The basalt works of the Rheinische Provinzial-Basaltwerke lies between Gerolstein and Birresborn. A class 323 (Köf II) locomotive is stationed at the works for the shunting of freight trains that arrive irregularly.

The important Bahnbetriebswerk (locomotive depot) Gerolstein was once based in Gerolstein station. Only a roundhouse and turntable still exist. Today, the works are used as a railway museum and depot for the heritage railway on the Cross Eifel Railway.
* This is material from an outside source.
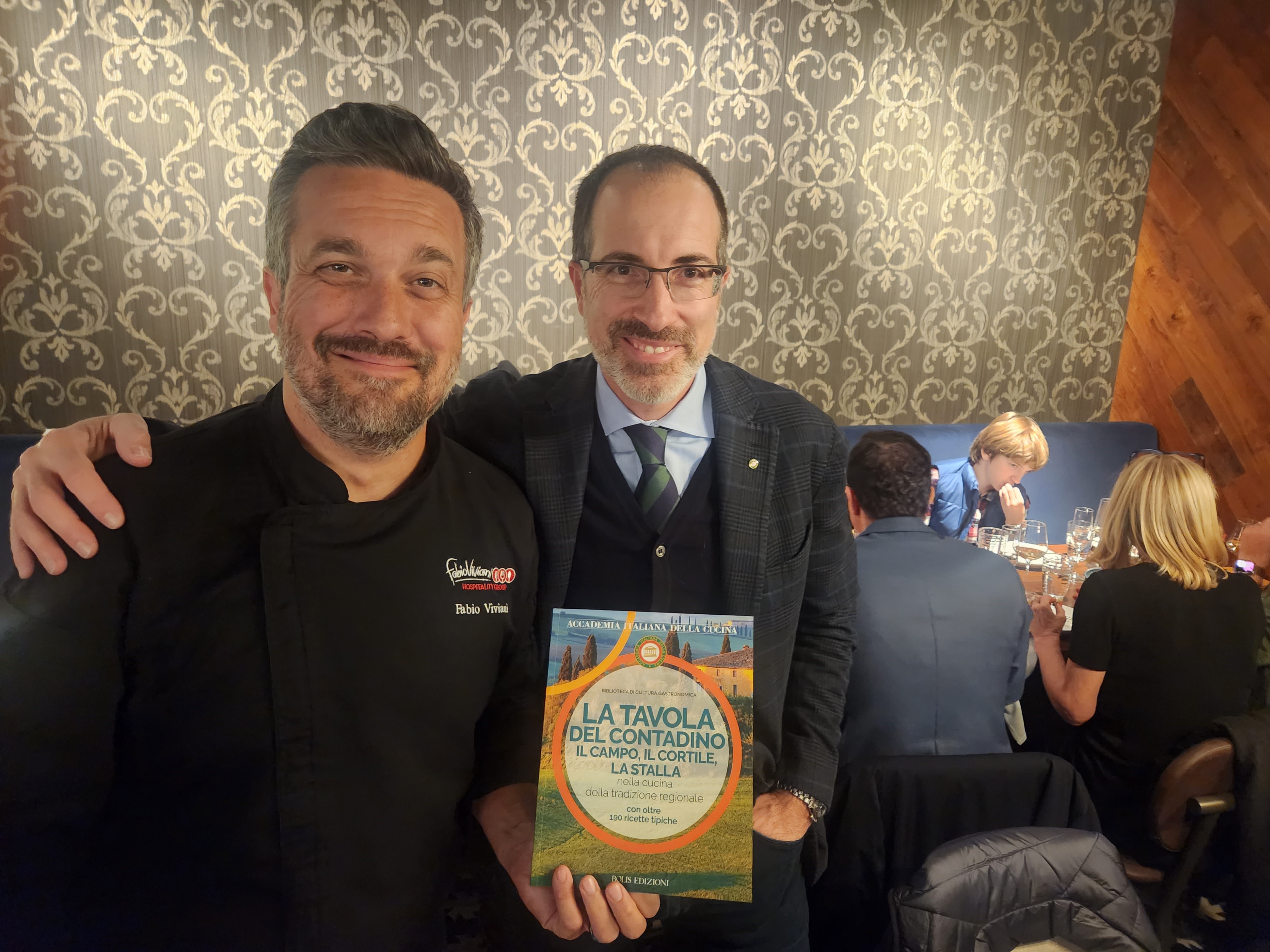 Per l’annuale Cena Ecumenica, la Legazione di Chicago si è riunita al ristorante Curfew, recentemente aperto dallo chef toscano Fabio Viviani. Chef Viviani gode di notevole popolarità negli USA, essendo stato protagonista in due stagioni del programma televisivo “Top Chef” sul canale Food Network. Ispirati dal tema della cucina del contadino, i partecipanti hanno apprezzato la cena che includeva, tra le altre pietanze, un’originale pinza alla zucca arrostita come antipasto, un’insalata di biete e finocchi con formaggio tenero di capra, orecchiette con petto di manzo brasato, carni e verdure alla griglia, il tutto accompagnato da vini italiani ed americani a simboleggiare il percorso gastronomico dello chef. Vista la qualità del cibo e del servizio, gli Accademici hanno deciso unanimemente di segnalare il ristorante Curfew per la Guida alle Buone Tavole. Chef Viviani è intervenuto alla serata ringraziando i venti partecipanti e parlando delle sue ispirazioni nella cucina contadina italiana. L’Accademico Andrea Farris, Simposiarca della serata, ha donato allo chef una copia del libro “La tavola del contadino. Il campo, il cortile, la stalla” edito dall’Accademia (foto). Nell’occasione, il Legato Michele Gambera ha presentato i due nuovi candidati Accademici Micaela Della Torre e Kenneth Caniglia.

The station has five railway platforms to this day as a relic from its period as a junction station.

== Services==

The following services stop in Gerolstein station:

2017 timetable
| Line | Route | Frequency |
|---|---|---|
| RE 12 | Eifel-Mosel-Express: Köln Messe/Deutz – Cologne Hbf – Köln Süd – Euskirchen – Mechernich – Kall – Jünkerath – Gerolstein – Bitburg-Erdorf – Trier Hbf | Three train pairs |
| RE 22 | Eifel-Express: Köln Messe/Deutz – Köln Hbf – Köln West – Köln Süd – Erftstadt – Weilerswist – Euskirchen – Mechernich – Kall – Urft (Steinfeld) – Nettersheim – Blankenheim (Wald) – Schmidtheim – Dahlem (Eifel) – Jünkerath – Lissendorf – Oberbettingen-Hillesheim – Gerolstein | 60 min |
| RB 22 | Eifel-Express: Gerolstein – Birresborn – Densborn – Kyllburg – Bitburg-Erdorf – Speicher – Kordel – Ehrang – Pfalzel – Trier Hbf (running on the Köln–Gerolstein section as the RE 22) | 60 min |
| RB 24 | Eifel-Bahn: Köln Messe/Deutz – Köln Hbf – Köln West – Köln Süd – Hürth Kalscheuren – Brühl Kierberg – Erftstadt – Weilerswist – Euskirchen – Euskirchen Satzway - Mechernich – Kall – Urft – Nettersheim – Blankenheim (Wald) – Schmidtheim – Dahlem (Eifel) – Jünkerath – Lissendorf – Oberbettingen-Hillesheim – Gerolstein | Some additional services in the peak hour |

The RE 22 from Cologne changes designation In Gerolstein and continues towards Trier as the RB 22 and vice versa.